On Mon, Jul 8, 2024 at 11:27 AM Tejas Belagod <tejas.bela...@arm.com> wrote:
>
> Hi,
>
> Sorry to have dropped the ball on
> https://gcc.gnu.org/pipermail/gcc-patches/2023-July/625535.html, but
> here I've tried to pick it up again and write up a strawman proposal for
> elevating __attribute__((vector_mask)) to the FE from GIMPLE.
>
>
> Thanks,
> Tejas.
>
> Motivation
> ----------
>
> The idea of packed boolean vectors came about when we wanted to support
> C/C++ operators on SVE ACLE types. The current vector boolean type that
> ACLE specifies does not adequately disambiguate vector lane sizes which
> they were derived off of. Consider this simple, albeit unrealistic, example:
>
>    bool foo (svint32_t a, svint32_t b)
>    {
>      svbool_t p = a > b;
>
>      // Here p[2] is not the same as a[2] > b[2].
>      return p[2];
>    }
>
> In the above example, because svbool_t has a fixed 1-lane-per-byte, p[i]
> does not return the bool value corresponding to a[i] > b[i]. This
> necessitates a 'typed' vector boolean value that unambiguously
> represents results of operations
> of the same type.
>
> __attribute__((vector_mask))
> -----------------------------
>
> Note: If interested in historical discussions refer to:
> https://gcc.gnu.org/pipermail/gcc-patches/2023-July/625535.html
>
> We define this new attribute which when applied to a base data vector
> produces a new boolean vector type that represents a boolean type that
> is produced as a result of operations on the corresponding base vector
> type. The following is the syntax.
>
>    typedef int v8si __attribute__((vector_size (8 * sizeof (int)));
>    typedef v8si v8sib __attribute__((vector_mask));
>
> Here the 'base' data vector type is v8si or a vector of 8 integers.
>
> Rules
>
> • The layout/size of the boolean vector type is implementation-defined
> for its base data vector type.
>
> • Two boolean vector types who's base data vector types have same number
> of elements and lane-width have the same layout and size.
>
> • Consequently, two boolean vectors who's base data vector types have
> different number of elements or different lane-size have different layouts.
>
> This aligns with gnu vector extensions that generate integer vectors as
> a result of comparisons - "The result of the comparison is a vector of
> the same width and number of elements as the comparison operands with a
> signed integral element type." according to
>     https://gcc.gnu.org/onlinedocs/gcc/Vector-Extensions.html.
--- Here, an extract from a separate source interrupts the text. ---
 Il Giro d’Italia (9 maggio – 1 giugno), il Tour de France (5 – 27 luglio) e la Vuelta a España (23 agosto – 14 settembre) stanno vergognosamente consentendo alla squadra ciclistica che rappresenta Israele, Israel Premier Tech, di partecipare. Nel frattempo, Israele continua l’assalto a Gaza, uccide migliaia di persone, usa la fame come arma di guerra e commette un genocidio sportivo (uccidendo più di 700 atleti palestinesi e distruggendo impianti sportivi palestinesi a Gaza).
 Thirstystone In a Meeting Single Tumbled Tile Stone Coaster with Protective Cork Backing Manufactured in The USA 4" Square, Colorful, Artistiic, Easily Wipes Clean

Without having the time to re-review this all in detail I think the GNU
vector extension does not expose the result of the comparison as the
machine would produce it but instead a comparison "decays" to
a conditional:

typedef int v4si __attribute__((vector_size(16)));

v4si a;
v4si b;

void foo()
{
  auto r = a < b;
}

produces, with C23:

  vector(4) int r =  VEC_COND_EXPR < a < b , { -1, -1, -1, -1 } , { 0,
0, 0, 0 } > ;

In fact on x86_64 with AVX and AVX512 you have two different "machine
produced" mask types and the above could either produce a AVX mask with
32bit elements or a AVX512 mask with 1bit elements.

Not exposing "native" mask types requires the compiler optimizing subsequent
uses and makes generic vectors difficult to combine with for example AVX512
intrinsics (where masks are just 'int').  Across an ABI boundary it's also
even more difficult to optimize mask transitions.
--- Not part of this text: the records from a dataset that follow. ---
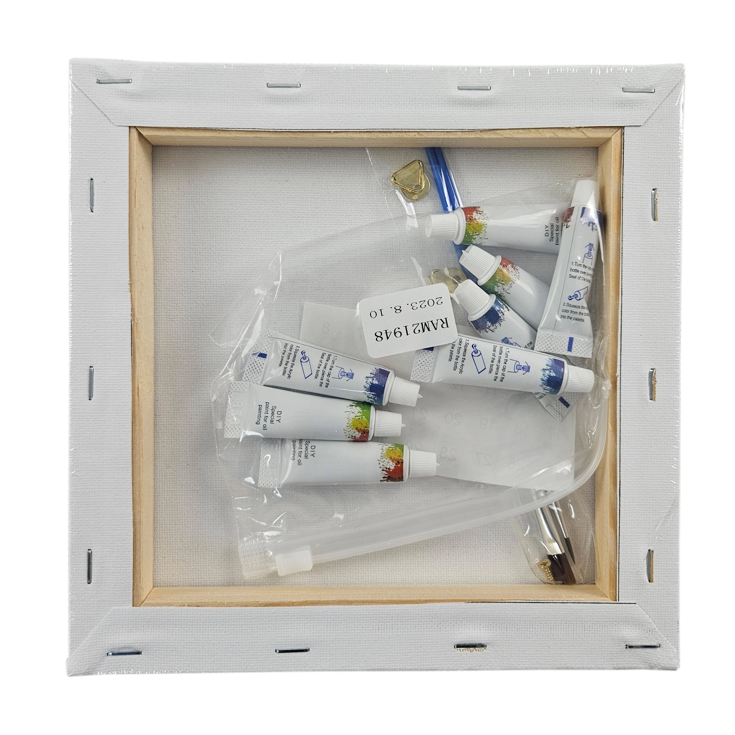 - Keretes vászon, akrilfestékek, ecsetek, függesztő kiegészítők (készlettől függően)
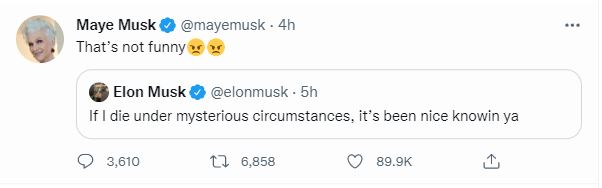 Elon's mother Maye responded with a stern warning for her son, quoting the tweet and saying, "That's not funny!" To which, Elon Musk replied, "Sorry! I will do my best to stay alive."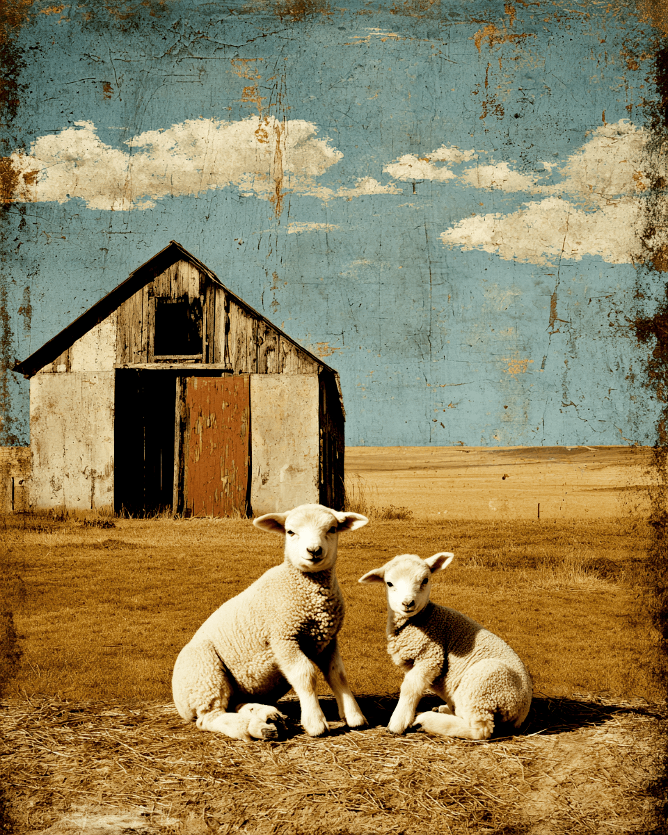 Vintage Style Pair of Lambs Farmhouse Home Decor Wall Art

But it at least allows portable code and it does not suffer from users trying to
expose machine representations of masks as input to generic vector code
with all the problems of constant folding not only requiring self-consistent
code within the compiler but compatibility with user produced constant masks.

That said, I somewhat question the need to expose the target mask layout
to users for GCCs generic vector extension.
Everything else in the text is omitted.